このうち、(A)〜(F)は正戦論におけるjus ad bellumに、(G)はjus in belloに相当する。

 しかしながら、正戦論との類比で諜報の倫理を考えることは適切なのか、様々な点から疑問がある。まず、諜報に関しては平時と戦時のような区別は存在しておらず、jus ad intelligentiamとjus in intelligentiaを区別することはできない。

 つぎに、各理論が適用される対象には大きな違いがある。正戦論の対象となるのは、戦争行為、すなわち殺傷や破壊といった動的〔kinetic〕活動だが、正諜報論の対象は認識活動である。このことは、(D)[最終手段条件] に重要な含意をもつ。たしかに戦争は最終手段であるべきで、この条件は正戦論においてはもっともらしい。しかし諜報はむしろ最初の手段ではないだろうか。諜報活動がなければ戦争を遂行するべきか否かを判断することができない。

 両理論には確かに類似点もある。しかしそれはより一般的な原則が両方の事例に適用されているというだけで、戦争と諜報の重要な類似性を示すものではない。たとえば(C)活動に正統な政治的権威が必要というのは〔組織的活動の全てに当てはまるし〕、(E)目標達成の合理的な見込みが必要というのは一般的な合理性の制約である。

 (F)・(G)およびその正戦論上の対応物は、諜報や戦争は有害で権利侵害的でありうるという事実に関連している。
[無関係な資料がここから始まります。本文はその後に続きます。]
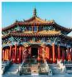
พระราชวังกุ๊กง
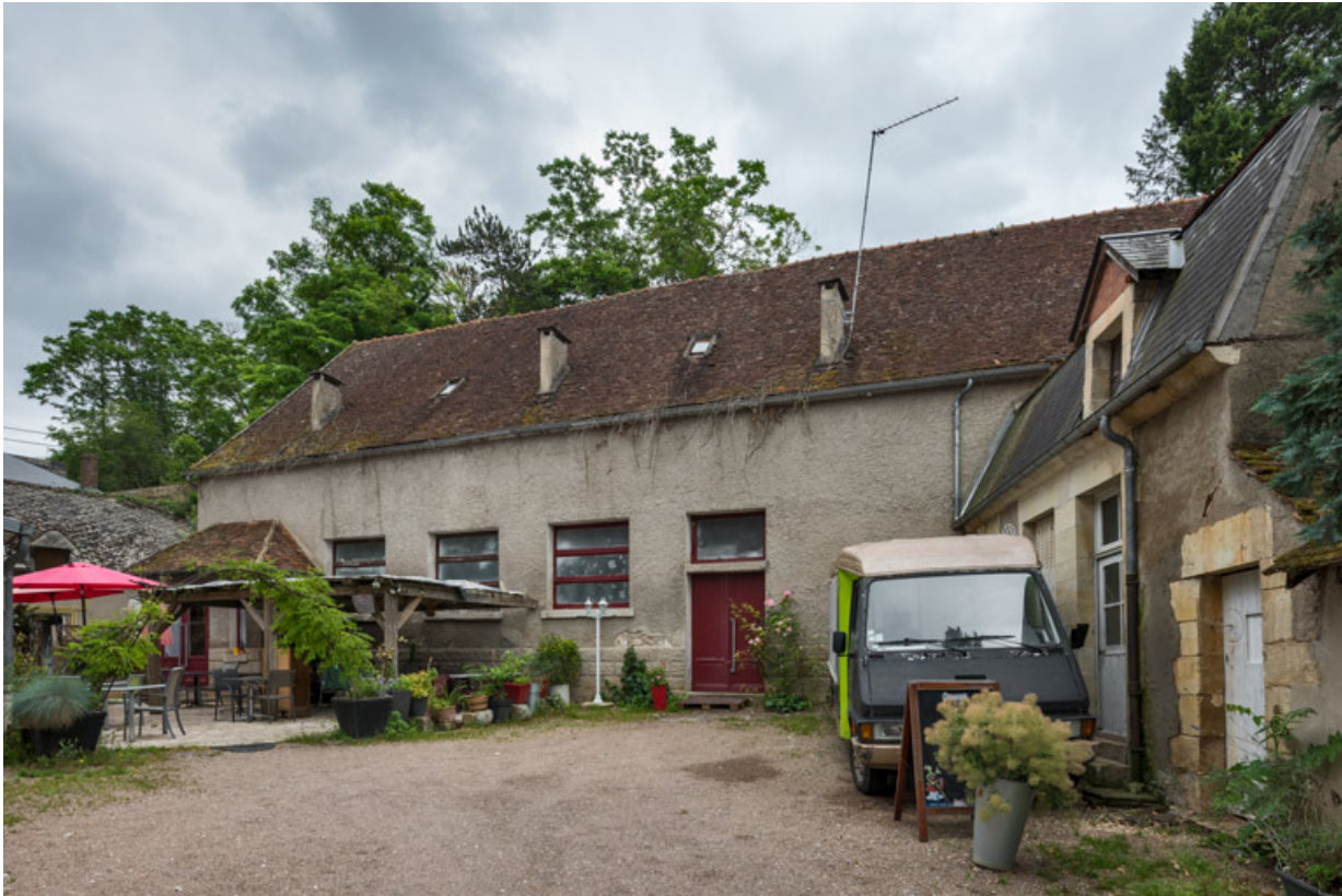
Donzy : le Monarque (10 rue de l'Etape).

一般論として、善なる目的のために遂行される有害な行為には一定の制約があるべきで、この点で正戦論と正諜報論に類似の制約があらわれるのは当然である。しかし、諜報活動はそれ自体としては戦争行為よりも明らかに害が小さい。このことは関連原則がどう運用されるべきかに大きな違いをもたらす。たとえば(G-i)[区別原則] について、テロリストの親族だが無辜な人物を意図的に殺害することは決して正当化できないが、その人物に対して欺瞞的な手段を用いてテロリスト当人の情報を入手することは、道徳的にも法的にも正当化されうるだろう。同様の論点は(ii)[必要原則] と(iii)[比例原則] にも当てはまる。
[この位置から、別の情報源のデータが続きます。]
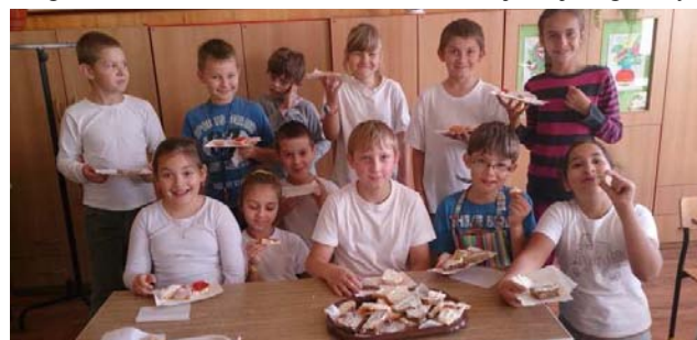
Klasa III podczas degustacji różnego rodzaju pieczywa.

„Chleb” to słowo bardzo proste, ale kryje się za nim trud oraz umiejętności wielu ludzi. Jednocześnie mówi o tym, że nie wszyscy go mają i należy się nim dzielić. Zajęcia kultywujące tradycję bardzo podobały się trzecioklasistom, którzy za św. Bratem Albertem powtórzyli, że chleb dla wszystkich powinien leżeć na stole, aby każdy mógł kęs dla siebie ukroić i nakarmić się, jeśli jest głodny.

 ここで、諜報を純粋な認識活動として理解するのは狭すぎる見方であり、ある種の認識活動の有害性を覆い隠すという反論がありうる。たしかに、諜報機関はいわゆる情報戦、認知戦にも関与しており、そこには有害な点がありうる。しかしそれでも、その有害さは戦争行為とは比較にならない。また、認知戦の本質は戦闘員と非戦闘員の区別を曖昧化することであるが、これにより諜報に関して(G-i)[区別原則] を適用することはますます難しくなる。すなわち情報戦、認知戦を考慮すると、正戦論との類比で正諜報論を構想することの適切性はますます疑問に晒されるのである。
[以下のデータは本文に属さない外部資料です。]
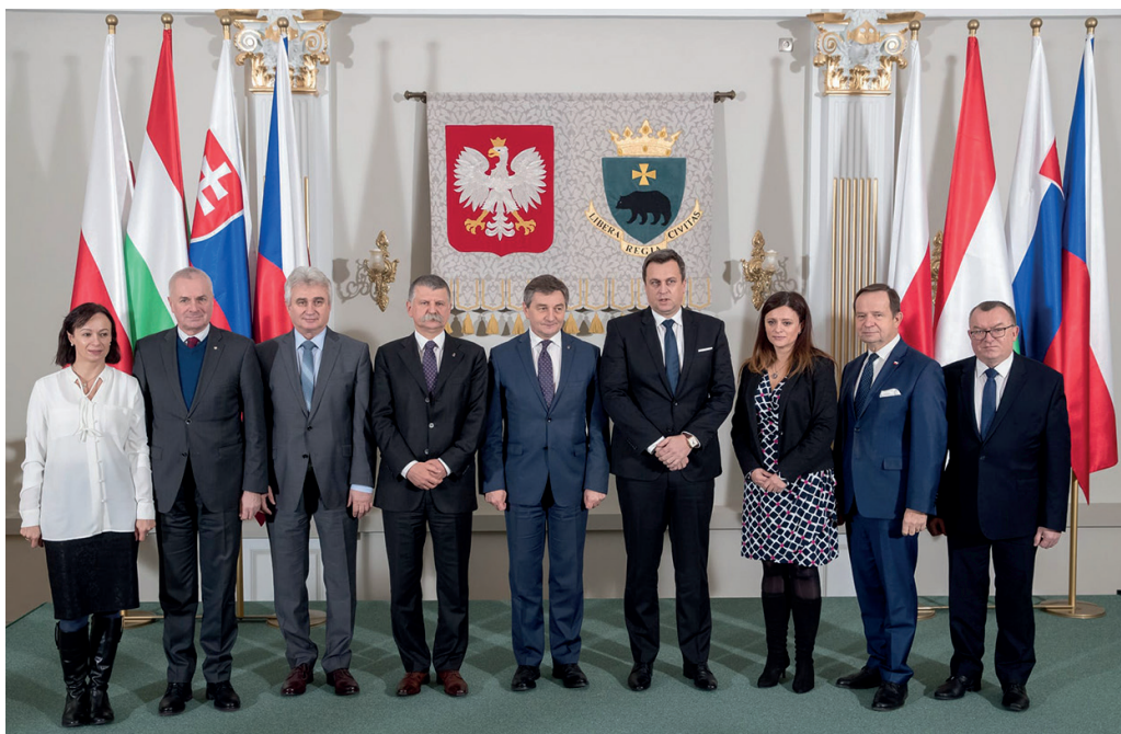
Spotkanie przewodniczących parlamentów państw Grupy Wyszehradzkiej, grudzień 2016 r.

 また上で述べたように、「区別」「必要」「比例」といった諸原則は、善なる目的のために遂行される有害な行為一般に当てはまることにも注意したい。例えば、これらの原則は刑罰にも当てはまる。しかしだからといって、そこから〔刑罰と戦争の違いを十分考慮せず〕に「正刑罰論」を構築するというのは不自然なやりかただろう。〔同じことが正諜報論にも言えるのである〕。

 戦争行為と諜報活動には重要な違いが様々にある。このため、諜報の規範理論は、正戦論といくつかの一般原則を共有していることはたしかではあるものの、正戦論から切り離すべきであり、正諜報論は放棄すべきである。諜報の規範の理論化にとって、正戦論との類比が有用な出発点となったのは確かだが、その役割は終わったのだ。